Mainsoft, which specializes in .Net and Java interoperability, is helping organizations integrate their .Net-based environments with popular Java-based technologies such as IBMs WebSphere.
Mainsoft is announcing Aug. 6 that its software is enabling the Belgian University Hospital Ghent (UZ Gent), based in Gent, Belgium, to deploy IBMs WebSphere Portal solution despite being a .Net development shop.
UZ Gent has chosen IBM WebSphere Portal Version 6.0 to develop a self-service virtual information center for its 5,000 staff members, students, health care professionals, and more than 380,000 patients and their families who visit the hospital each year, said Bart Sijnave, CIO of UZ Gent.
Using the .Net-Java interoperability software from Mainsoft, UZ Gents .Net development team will use the Visual Studio 2005 development environment to integrate its existing .Net application framework, 15 strategic .Net applications, more than 5 terabytes of data stored in an Oracle database and an LDAP (Lightweight Directory Access Protocol) repository into a WebSphere Portal environment running under Linux, Sijnave said.
Rather than rewriting the .Net code in Java, Mainsoft for Java EE Portal Edition will enable UZ Gents enterprise development team to cross-compile .Net-based code into Java executables that run locally on WebSphere Portal, Sijnave said.
“One of the most specific points is that although we have a team of developers doing .Net, we chose IBM WebSphere as our portal solution,” Sijnave said. “We wanted a portal and Microsoft SharePoint would have been the logical solution, but the IBM solution was much better for us. But that left us with a dilemma.”
Sijnave said the hospital had to migrate to a standard platform, “so we chose to uniformize our development team.
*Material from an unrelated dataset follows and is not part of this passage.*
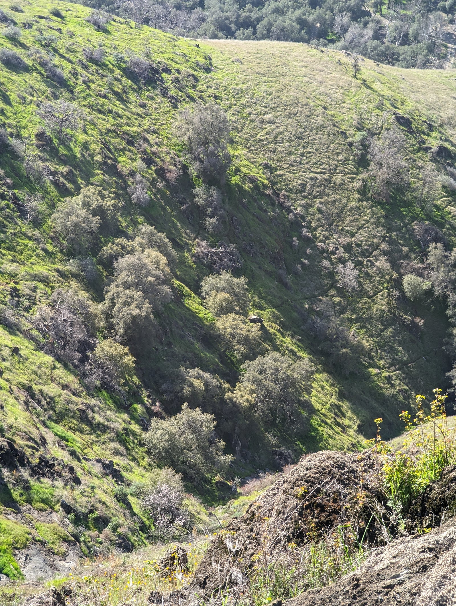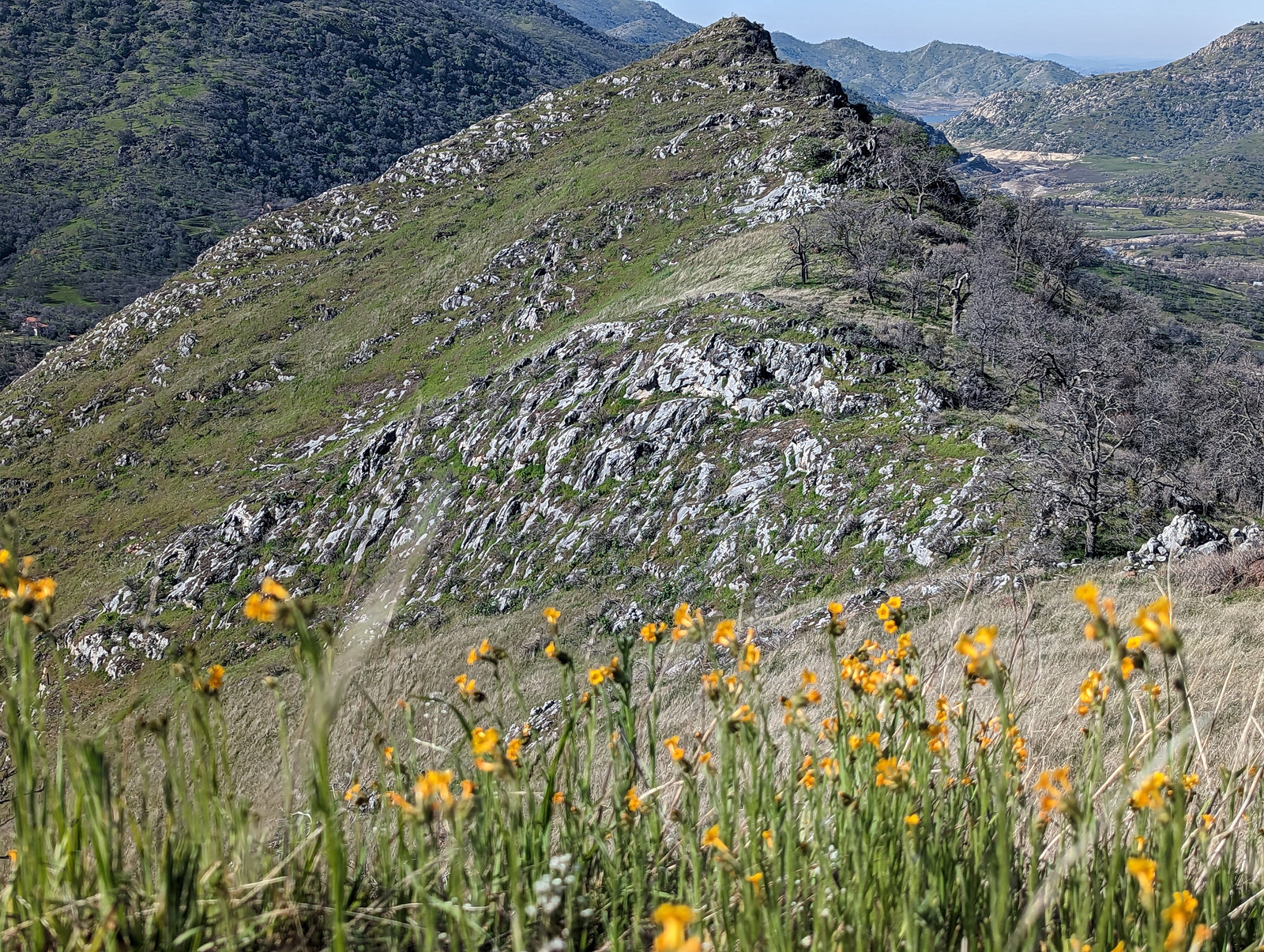 Today, I climbed up the hill again. The ridgeline at the top is a nice flat area. I went to the corner of the proprety towards Blossom Peak this time. This area is even higher than Little Blossom. And of course fabulous views abound. Then I walked the ridgeline back to Little Blossom. I've been seeing in the news how they are predicting a super bloom this year due to all of the rain that we have had. You can see the flowers starting to show.

We said it was going to be either .Net or Java; we chose .Net.” he said. The hospitals head of development was skeptical about whether the Mainsoft solution would work, “but it turned out to be very successful.”
Larry Bowden, vice president of portals and Web interaction services at IBM, said the health care sector is the third largest sector for IBMs portal business, with government and banking ranking first and second, respectively. “We heard from some of our customers that they wanted to have the benefits of WebSphere Portal but they had started down the path of .Net,” Bowden said. “Mainsoft plays a perfect role there. And our customers can leverage everything from the portal to the .Net environment.”
Yaacov Cohen, president and CEO of Mainsoft, in San Jose, Calif., said his company has “a passion for .Net-Java interoperability, and we found the portal market a good place to invest.” UZ Gents team of 10 .Net developers is building the portal to support multiple audiences, including surgeons.
The hospitals virtual information service center will cost $2.65 million to build, Sijnave said. The portal will be built and installed in stages. Completion of the first stage will be capped with the online implementation of the Internet portion of the Web portal. After that, UZ Gent will carry out information updates through a powerful Web content management system.
During the second phase, which will be completed by the end of 2008, the electronic patient data exchange and content management will be expanded with an integrated search functionality, access control and single sign-on to existing applications at UZ Gent, transactional services, services for content and knowledge management, and security. The final stage will federate the portal with affiliated hospitals.
Expected benefits of the portal include enhanced communications with patients and their families, streamlined collaboration with health professionals, and an enhanced resource for researchers and students to exchange knowledge and best practices in health care.
“Mainsofts custom suite of .Net-Java EE software integration tools has established proprietary software systems such as C# 2.0 and Visual Basic as fully supported languages by WebSphere software,” Cohen said. Meanwhile, Mainsoft has other customers doing similar things with the companys products.
Urix, a Boston-based vendor of predictive modeling software for health care insurance companies and a Mainsoft customer since 2005, is using the Visual Studio IDE and Mainsoft software to extend its proprietary logic and analytics calculation engine to open systems, without having to rewrite more than 150,000 lines of C# code in Java.
According to Atul Mistry, vice president of technology at Urix, “Mainsoft enables our in-house .Net development team to focus on core product innovations, without having to worry about the added costs and complexities associated with maintaining separate code bases.”
Mistry estimates his company will save $200,000 a year by not having to rewrite the code in Java and maintaining separate code bases.